If the Sixers want to try this, and the coaching staff has indicated that it is, they might as well look into tweaking the defense style to suit it. Lean on what Simmons is doing well in defense and see if that works.

• You should know it was coming sooner or later, but the Philadelphia bank that basically plunged back to Earth all at once was pretty uncomfortable with their plans on Tuesday.

I think Shake Milton had a case of being the worst of the bunch, poor defensive play (one of his worst of the season) on top of a lifeless offense attack. If he’s in such shape, I don’t know how to ask the all-bench group to stop. With all due respect to Randle, who deserves credit for the progress he’s made as an all-round player, your leading bank security guard should lick their chops when they envision him in an isolation situation. Milton stared at it more than once, barely trying to get to him. Tough look.

(Inexplicably, they played good minutes again to open the fourth, as they did against Utah in the team’s big win before the break. I’ll stick with the assessment anyway!)

• Transitional defense has been a focus on the training ground and pre-game coverage in Philadelphia, and while there was some good individual effort against the Knicks, the Sixers remain a work in progress in that division. New York may have been the team from back-to-back in the second half, but they routinely knocked the Sixers over on Tuesday nights, something I’m sure the staff will touch on them at the next movie session.

• Danny Green and Curry were both bad in their own unique way for Tuesday’s first half game, but I think one is a more impactful version of bad than the other. Any suspicion about whose style of offensive ineptitude I don’t like (d) more?

If you had guessed Curry (and probably not) you would be right. I will always, always, always live with one of the guys you pay who you trust to take photos that just lack a decent look. When Green misses a bunch of open or slightly contested jumpers it’s annoying to watch and must be a bit annoying for teammates creating the open looks, but you know he’s not going to flash when the ball swings his way, or is now 9. / 10 or 1/10.

Curry simply can’t be as careful about shooting as he has been this season, and because he was the first half of Tuesday’s game against the Knicks. Teams that paint and challenge the Sixers’ shooters to defeat them was the game plan in big games for pretty much the entire Embiid / Simmons era, and he’s one of the guys who pushed the playoffs. must reduce and capitalize on the attention to his running friends.

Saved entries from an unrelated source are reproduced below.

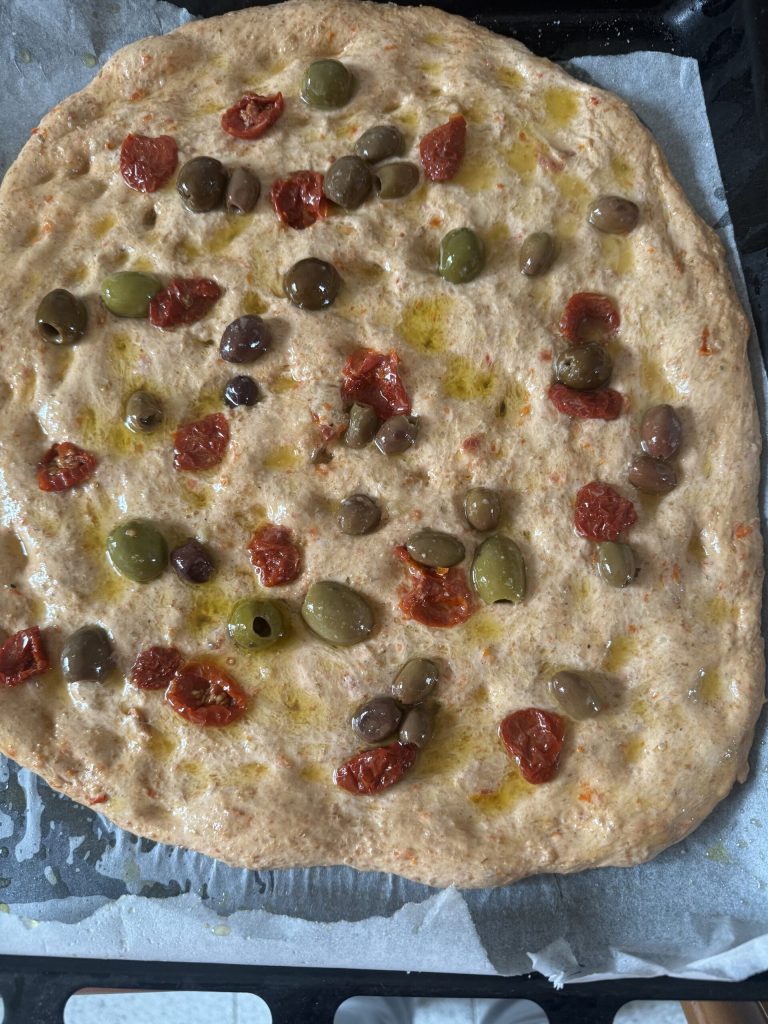 The next morning, take the container out of the fridge and let the dough acclimatize. The time will depend on the ambient temperature; in summer, maybe an hour will suffice, while in winter, it may take at least two and a half hours. Cover the baking pan with lightly oiled parchment paper and place the whole wheat flatbread dough with sundried tomatoes and olives on it.
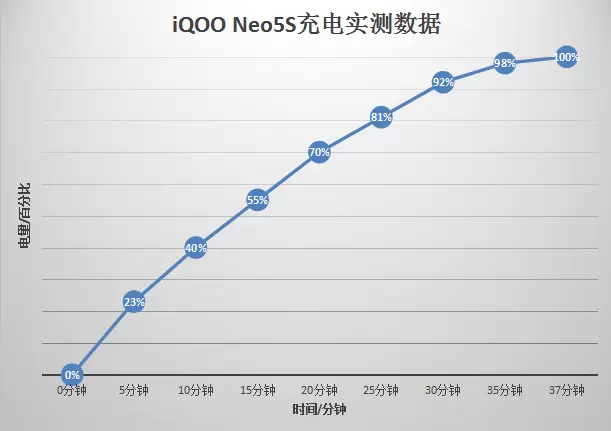 现在很多人都想要续航时间久、充电快速的手机,而iQOO Neo5S正是这样的手机。它的电池容量为4500mAh,并且采用的是双电芯设计,配合上66W闪充技术,能够实现更快的“回血”速度。在测试中,该机完全充满电只需要37分钟,这在同价位机型中算是很快的充电速度了。日常使用时,很多人都会在手机还剩余部分电量的情况下进行充电,这时手机充满电所耗费的时间会更少,因此iQOO Neo5S完全可以满足用户想要手机快速“回血”的需求。
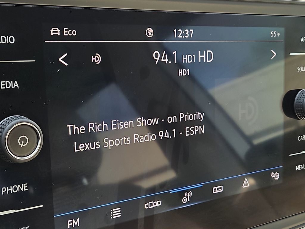 - Radio: Composition Media w/8" Touchscreen -inc: AM/FM/HD Radio and WMA/MP3/FLAC/CD player w/USB inputs, voice control, capability for in-vehicle 4G LTE enabled Wi-Fi (cellular data plan required; includes limited trial), capability for VW Car-Net services (capabilities for certain services vary; requires enrollment or subscription), 6-speaker sound system, Bluetooth® connectivity (for compatible devices), SiriusXM (w/3-month all access trial subscription), VW Car-Net App-Connect smartphone integration and interface (w/Apple CarPlay, Android Auto and MirrorLink) via USB and wireless inductive charger (for compatible devices)
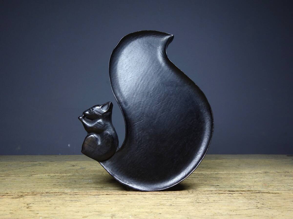 - 『館蔵珍品 檀木製 細密彫 松鼠茶盤 置物 賞物』稀少珍蔵品 古賞物 貴重物品 収蔵品 中国古美術 時代物 古董品
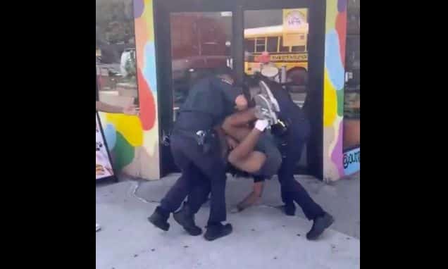 Στο βίντεο φαίνονται οι δύο από τους αστυνομικούς να αρπάζουν τα χέρια του 18χρονου, ενώ ένας τρίτος αστυνομικός τον ρίχνει με δύναμη στο έδαφος. Στη συνέχεια, οι τρεις αστυνομικοί τραβούν τα μαλλιά του ποδηλάτη και ένας από αυτούς πιέζει το γόνατό του στο κεφάλι του, πριν τελικά τον δέσουν με χειροπέδες και τον οδηγήσουν σε ένα περιπολικό που τους περίμενε.
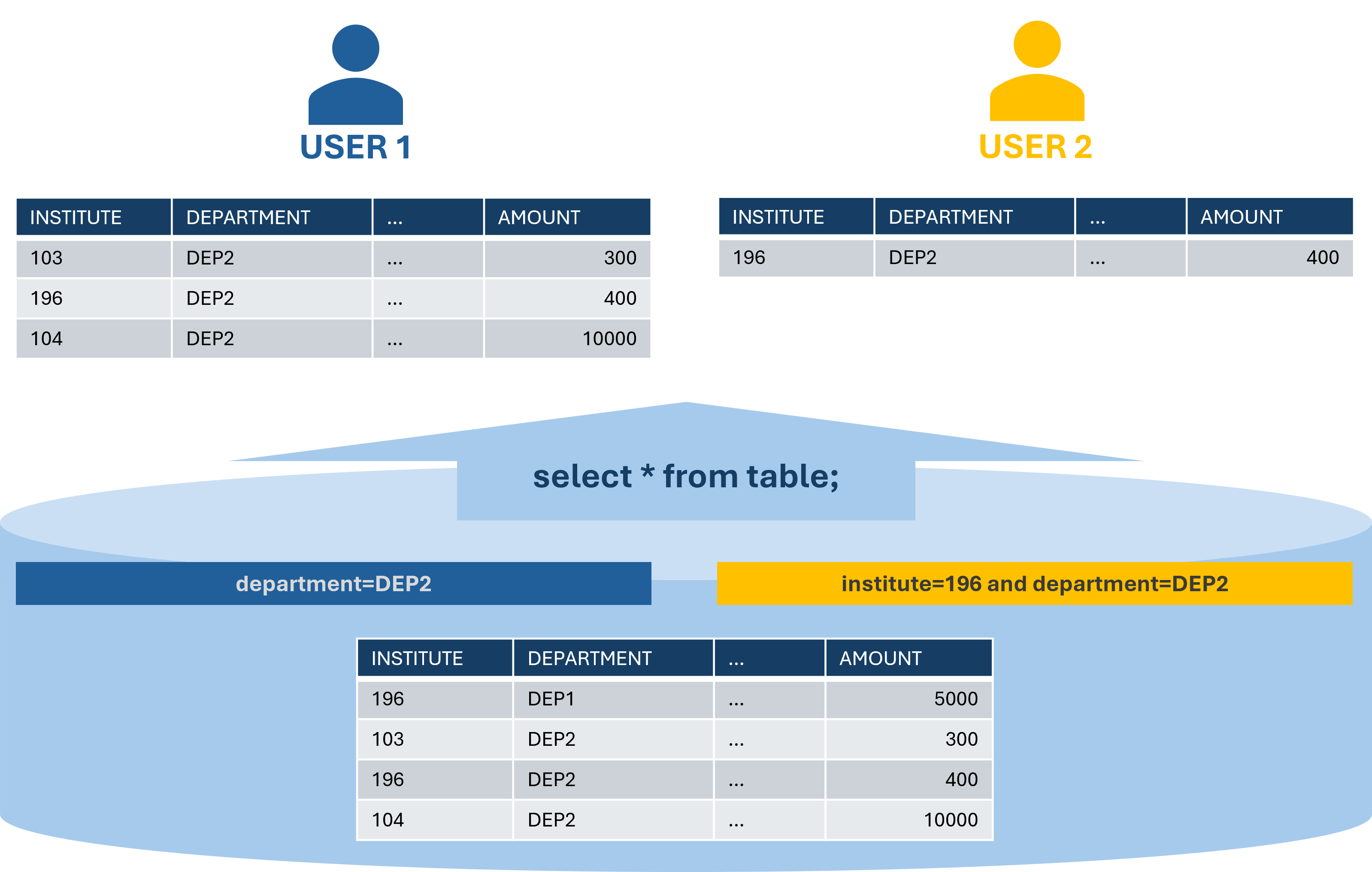 An example for row level security can be seen in Figure 5.6. Here the access to rows is limited according to the DEPARTMENT column values as well as the INSTITUTE column values.
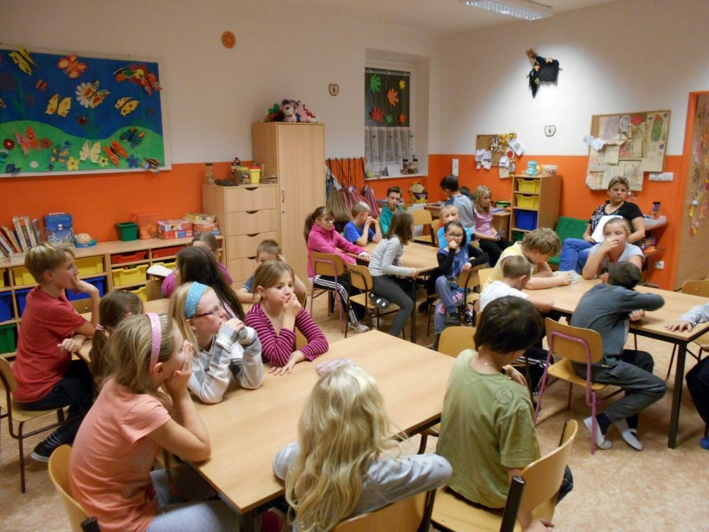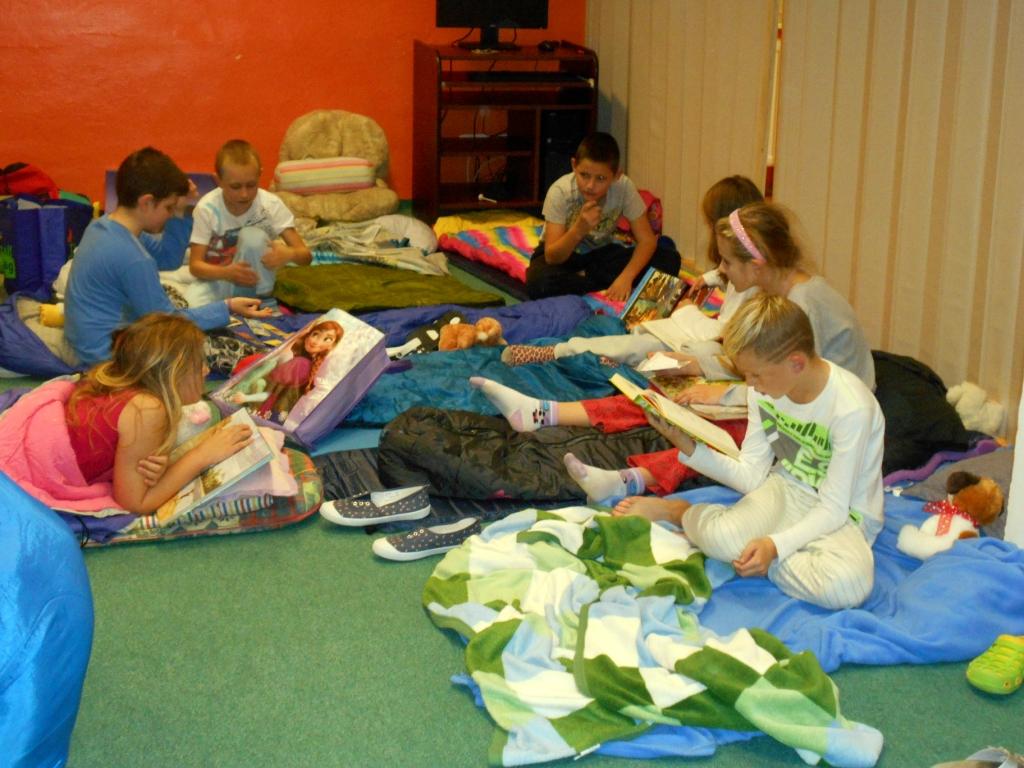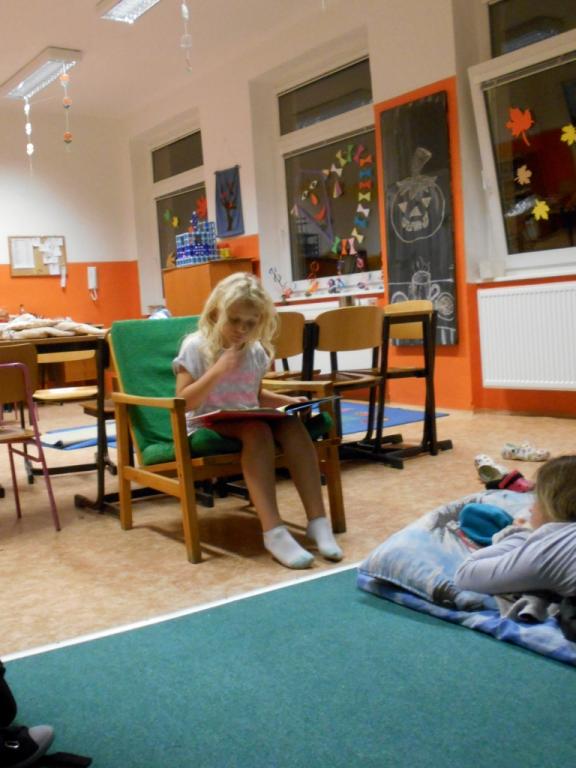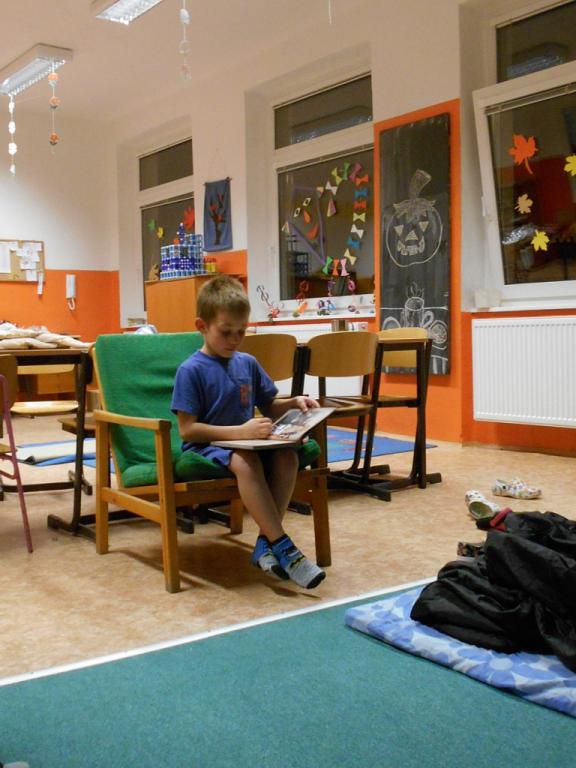 Jeden páteční večer v listopadu už patří tradičnímu přespání ve školní družině. Tomuto přespání jsme začali říkat „Pohádkoví spaní“ a schází se tu děti od druhých tříd do pátých. Důvod, proč tu nejsou žáci prvních tříd je prostý – každý z dětí si s sebou přináší knížku, kterou má rád a z které čte ostatním, ještě než jdeme spát.

Once Curry started flying them in the second half, the Sixers’ attack suddenly looked a lot better. You cannot take pictures if you cannot take them. Crazy concept, I know.

• That part of the above is how I really feel, but there is still no way to dress up Danny Green’s offensive performance. That was a stinker.

The ugly

• Can I nominate most of the first quarter for this section? Heck, I write the articles, I can nominate anything I want if I feel like it.

Both defenses deserve their share of the credit for the rough start, with individual players putting in good shifts in both teams. But Knicks’ defensive style (pack the paint, don’t give up anything easy) combined with a bad Green game led to an absolutely brutal, unattainable game on the frontier. The Sixers constantly had to recycle their belongings, and their only genuinely willing shooter was icy from deep, masonry shot after shot as belongings hurled his way. When that happens, it will be a long night.

Things didn’t get any better with the bench group. They lack penetration by dribble on their best evenings, and it was even uglier against the Knicks, with many possessions forcing Howard to isolate and create for himself. Yes, that Dwight Howard, the 35-year-old backup center that should never really have to create for itself.

I thought this brand of basketball died a long time ago. Please no more.

• As most of you know, I enjoy the musical element of modern basketball. There is absolutely no reason to play two different songs in a row when Dwight Howard scores. If Howard wants to hear “All Gold Everything” by Trinidad James when he scores, that’s fine. Trying to combine that with Superman themed music is just ridiculous.